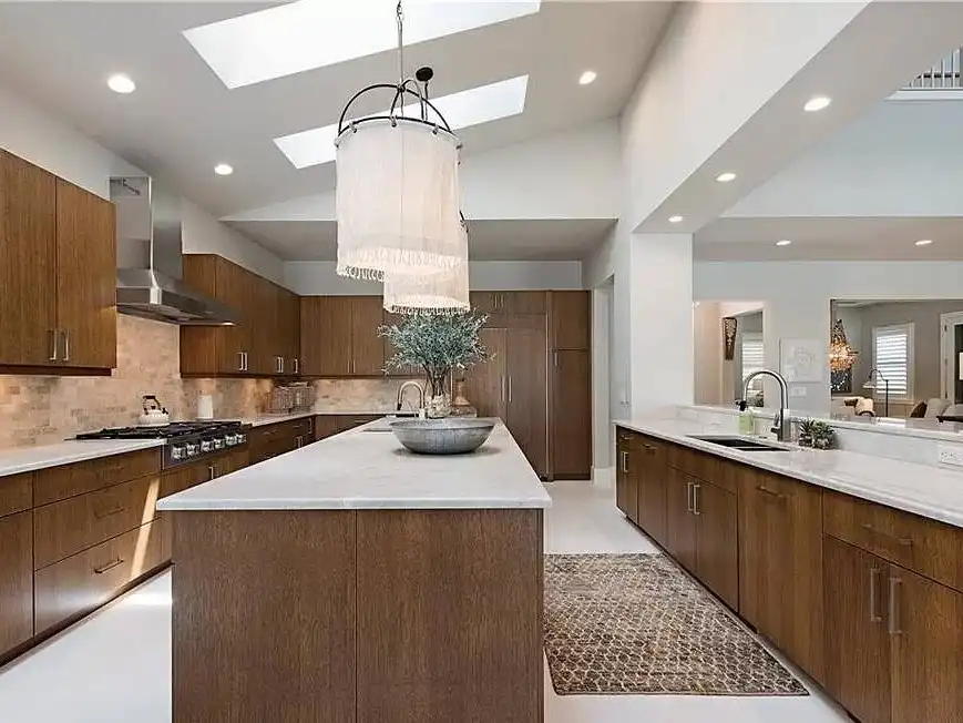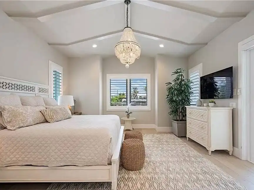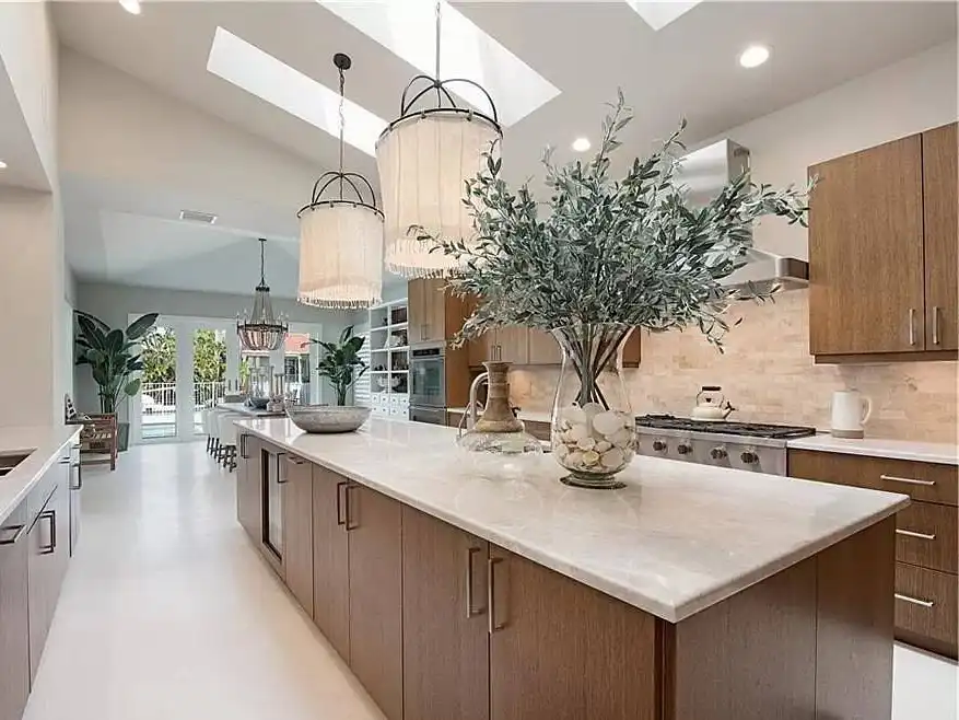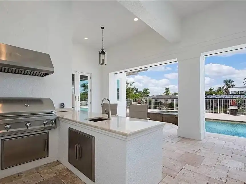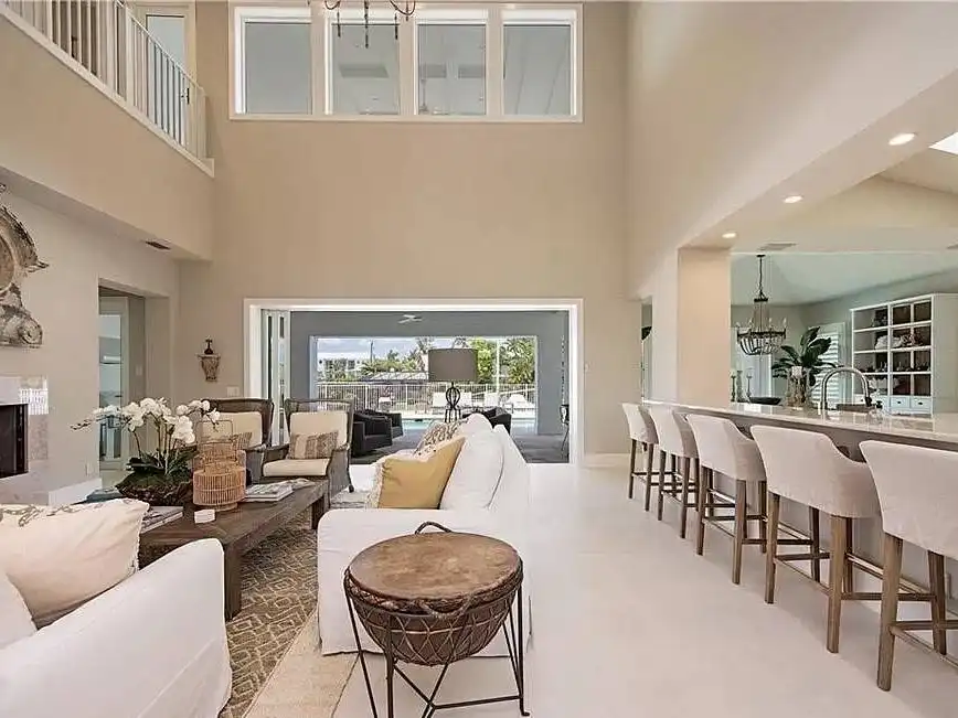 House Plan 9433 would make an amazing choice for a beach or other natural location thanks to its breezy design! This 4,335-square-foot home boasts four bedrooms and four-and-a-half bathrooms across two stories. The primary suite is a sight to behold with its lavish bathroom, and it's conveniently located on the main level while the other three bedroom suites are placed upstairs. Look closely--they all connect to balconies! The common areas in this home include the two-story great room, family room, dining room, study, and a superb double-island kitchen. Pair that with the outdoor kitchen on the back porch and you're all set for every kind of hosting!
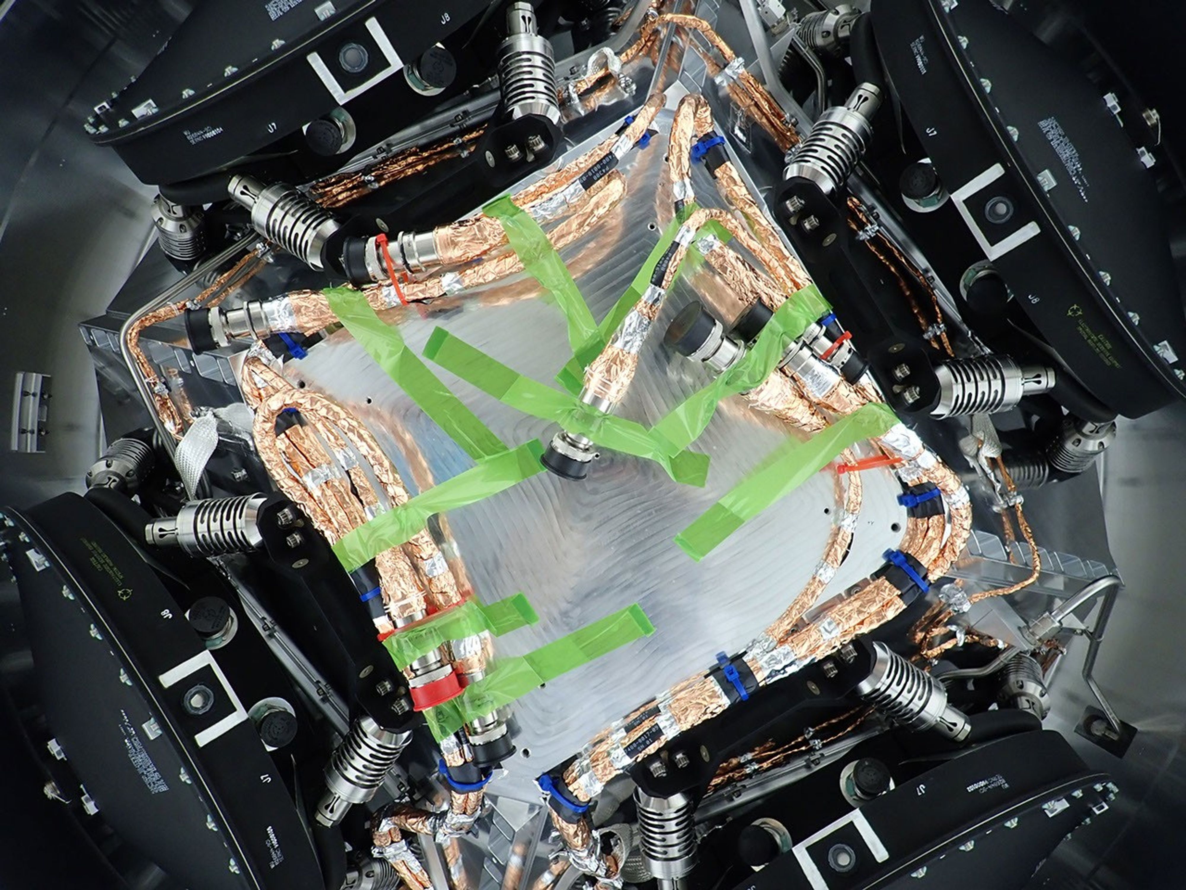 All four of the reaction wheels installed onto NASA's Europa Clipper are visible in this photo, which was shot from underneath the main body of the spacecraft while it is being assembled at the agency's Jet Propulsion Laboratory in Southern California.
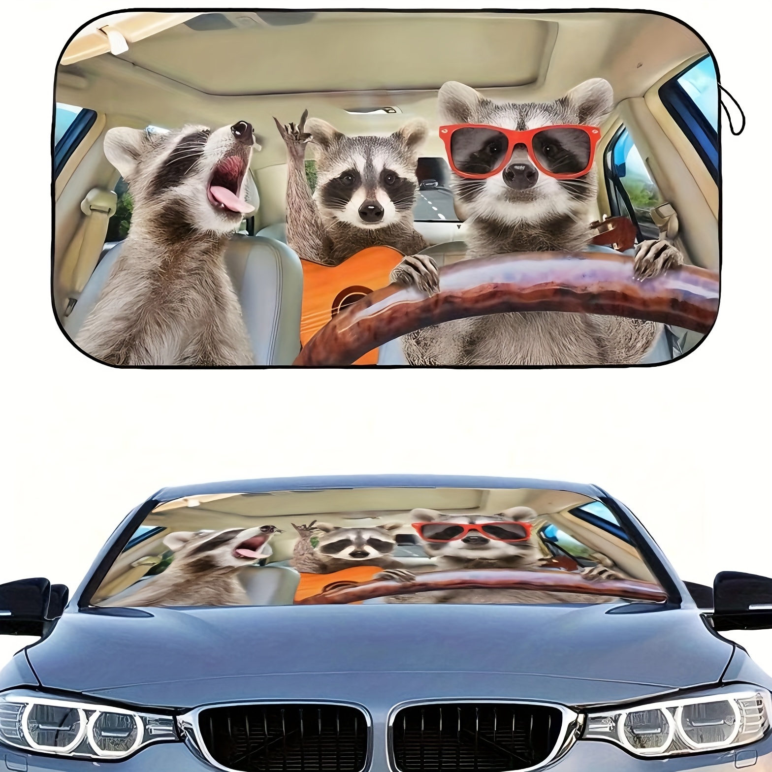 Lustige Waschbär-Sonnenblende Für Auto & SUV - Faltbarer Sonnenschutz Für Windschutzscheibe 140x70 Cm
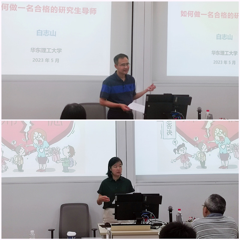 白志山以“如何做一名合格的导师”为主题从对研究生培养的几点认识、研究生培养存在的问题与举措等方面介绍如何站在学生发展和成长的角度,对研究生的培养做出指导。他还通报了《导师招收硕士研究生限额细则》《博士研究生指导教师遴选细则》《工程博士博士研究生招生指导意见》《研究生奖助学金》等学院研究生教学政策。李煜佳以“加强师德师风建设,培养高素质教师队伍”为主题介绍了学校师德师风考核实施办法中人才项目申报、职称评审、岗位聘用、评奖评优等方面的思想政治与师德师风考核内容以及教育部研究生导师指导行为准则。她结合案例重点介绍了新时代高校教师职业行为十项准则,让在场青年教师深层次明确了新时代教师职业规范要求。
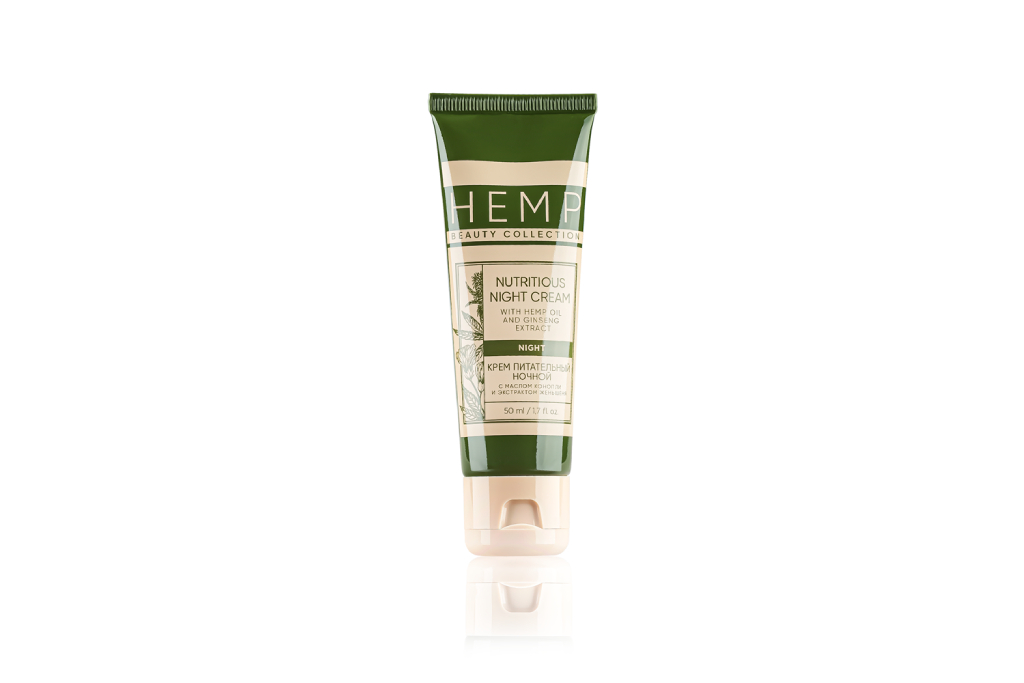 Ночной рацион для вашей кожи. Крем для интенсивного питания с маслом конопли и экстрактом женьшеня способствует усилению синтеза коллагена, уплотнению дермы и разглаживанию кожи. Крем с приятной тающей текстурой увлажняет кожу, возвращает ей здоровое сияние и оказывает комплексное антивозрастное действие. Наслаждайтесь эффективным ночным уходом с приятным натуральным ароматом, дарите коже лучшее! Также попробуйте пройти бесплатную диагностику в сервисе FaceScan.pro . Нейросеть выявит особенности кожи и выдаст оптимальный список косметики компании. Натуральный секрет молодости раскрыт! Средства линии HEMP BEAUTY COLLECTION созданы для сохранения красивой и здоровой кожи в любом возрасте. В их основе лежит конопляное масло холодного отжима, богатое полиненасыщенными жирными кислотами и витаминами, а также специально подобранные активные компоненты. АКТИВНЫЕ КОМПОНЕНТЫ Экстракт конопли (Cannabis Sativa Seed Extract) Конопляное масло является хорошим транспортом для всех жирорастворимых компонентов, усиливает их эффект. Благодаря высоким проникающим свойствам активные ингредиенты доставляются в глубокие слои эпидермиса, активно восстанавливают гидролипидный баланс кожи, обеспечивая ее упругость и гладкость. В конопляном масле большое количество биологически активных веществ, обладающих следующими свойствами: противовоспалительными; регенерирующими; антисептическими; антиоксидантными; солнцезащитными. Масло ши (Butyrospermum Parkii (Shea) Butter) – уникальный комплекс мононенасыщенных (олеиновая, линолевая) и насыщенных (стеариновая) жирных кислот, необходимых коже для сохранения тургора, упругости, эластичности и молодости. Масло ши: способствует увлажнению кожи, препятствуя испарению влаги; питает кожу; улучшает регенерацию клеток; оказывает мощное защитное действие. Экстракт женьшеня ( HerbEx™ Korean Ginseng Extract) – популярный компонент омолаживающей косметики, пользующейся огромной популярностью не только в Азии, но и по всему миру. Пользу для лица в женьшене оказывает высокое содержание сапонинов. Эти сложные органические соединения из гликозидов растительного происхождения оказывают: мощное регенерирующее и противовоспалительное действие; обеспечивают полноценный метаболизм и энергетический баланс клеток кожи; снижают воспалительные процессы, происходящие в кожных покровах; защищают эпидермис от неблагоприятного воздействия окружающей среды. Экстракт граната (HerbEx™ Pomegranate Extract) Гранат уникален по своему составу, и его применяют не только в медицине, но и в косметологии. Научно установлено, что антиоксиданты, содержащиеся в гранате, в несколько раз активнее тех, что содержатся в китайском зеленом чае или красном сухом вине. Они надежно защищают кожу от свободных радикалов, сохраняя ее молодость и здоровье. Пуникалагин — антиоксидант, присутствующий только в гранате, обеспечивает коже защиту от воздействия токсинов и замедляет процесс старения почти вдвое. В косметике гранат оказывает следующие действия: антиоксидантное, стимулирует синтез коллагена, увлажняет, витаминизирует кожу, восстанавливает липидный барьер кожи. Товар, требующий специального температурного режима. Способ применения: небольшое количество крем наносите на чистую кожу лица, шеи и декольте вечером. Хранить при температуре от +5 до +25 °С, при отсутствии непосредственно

+---+

Put each line of the listing above into the copy exactly, dropping the pictures.

Answer to the problem:
 House Plan 9433 would make an amazing choice for a beach or other natural location thanks to its breezy design! This 4,335-square-foot home boasts four bedrooms and four-and-a-half bathrooms across two stories. The primary suite is a sight to behold with its lavish bathroom, and it's conveniently located on the main level while the other three bedroom suites are placed upstairs. Look closely--they all connect to balconies! The common areas in this home include the two-story great room, family room, dining room, study, and a superb double-island kitchen. Pair that with the outdoor kitchen on the back porch and you're all set for every kind of hosting!
 All four of the reaction wheels installed onto NASA's Europa Clipper are visible in this photo, which was shot from underneath the main body of the spacecraft while it is being assembled at the agency's Jet Propulsion Laboratory in Southern California.
 Lustige Waschbär-Sonnenblende Für Auto & SUV - Faltbarer Sonnenschutz Für Windschutzscheibe 140x70 Cm
 白志山以“如何做一名合格的导师”为主题从对研究生培养的几点认识、研究生培养存在的问题与举措等方面介绍如何站在学生发展和成长的角度,对研究生的培养做出指导。他还通报了《导师招收硕士研究生限额细则》《博士研究生指导教师遴选细则》《工程博士博士研究生招生指导意见》《研究生奖助学金》等学院研究生教学政策。李煜佳以“加强师德师风建设,培养高素质教师队伍”为主题介绍了学校师德师风考核实施办法中人才项目申报、职称评审、岗位聘用、评奖评优等方面的思想政治与师德师风考核内容以及教育部研究生导师指导行为准则。她结合案例重点介绍了新时代高校教师职业行为十项准则,让在场青年教师深层次明确了新时代教师职业规范要求。
 Ночной рацион для вашей кожи. Крем для интенсивного питания с маслом конопли и экстрактом женьшеня способствует усилению синтеза коллагена, уплотнению дермы и разглаживанию кожи. Крем с приятной тающей текстурой увлажняет кожу, возвращает ей здоровое сияние и оказывает комплексное антивозрастное действие. Наслаждайтесь эффективным ночным уходом с приятным натуральным ароматом, дарите коже лучшее! Также попробуйте пройти бесплатную диагностику в сервисе FaceScan.pro . Нейросеть выявит особенности кожи и выдаст оптимальный список косметики компании. Натуральный секрет молодости раскрыт! Средства линии HEMP BEAUTY COLLECTION созданы для сохранения красивой и здоровой кожи в любом возрасте. В их основе лежит конопляное масло холодного отжима, богатое полиненасыщенными жирными кислотами и витаминами, а также специально подобранные активные компоненты. АКТИВНЫЕ КОМПОНЕНТЫ Экстракт конопли (Cannabis Sativa Seed Extract) Конопляное масло является хорошим транспортом для всех жирорастворимых компонентов, усиливает их эффект. Благодаря высоким проникающим свойствам активные ингредиенты доставляются в глубокие слои эпидермиса, активно восстанавливают гидролипидный баланс кожи, обеспечивая ее упругость и гладкость. В конопляном масле большое количество биологически активных веществ, обладающих следующими свойствами: противовоспалительными; регенерирующими; антисептическими; антиоксидантными; солнцезащитными. Масло ши (Butyrospermum Parkii (Shea) Butter) – уникальный комплекс мононенасыщенных (олеиновая, линолевая) и насыщенных (стеариновая) жирных кислот, необходимых коже для сохранения тургора, упругости, эластичности и молодости. Масло ши: способствует увлажнению кожи, препятствуя испарению влаги; питает кожу; улучшает регенерацию клеток; оказывает мощное защитное действие. Экстракт женьшеня ( HerbEx™ Korean Ginseng Extract) – популярный компонент омолаживающей косметики, пользующейся огромной популярностью не только в Азии, но и по всему миру. Пользу для лица в женьшене оказывает высокое содержание сапонинов. Эти сложные органические соединения из гликозидов растительного происхождения оказывают: мощное регенерирующее и противовоспалительное действие; обеспечивают полноценный метаболизм и энергетический баланс клеток кожи; снижают воспалительные процессы, происходящие в кожных покровах; защищают эпидермис от неблагоприятного воздействия окружающей среды. Экстракт граната (HerbEx™ Pomegranate Extract) Гранат уникален по своему составу, и его применяют не только в медицине, но и в косметологии. Научно установлено, что антиоксиданты, содержащиеся в гранате, в несколько раз активнее тех, что содержатся в китайском зеленом чае или красном сухом вине. Они надежно защищают кожу от свободных радикалов, сохраняя ее молодость и здоровье. Пуникалагин — антиоксидант, присутствующий только в гранате, обеспечивает коже защиту от воздействия токсинов и замедляет процесс старения почти вдвое. В косметике гранат оказывает следующие действия: антиоксидантное, стимулирует синтез коллагена, увлажняет, витаминизирует кожу, восстанавливает липидный барьер кожи. Товар, требующий специального температурного режима. Способ применения: небольшое количество крем наносите на чистую кожу лица, шеи и декольте вечером. Хранить при температуре от +5 до +25 °С, при отсутствии непосредственно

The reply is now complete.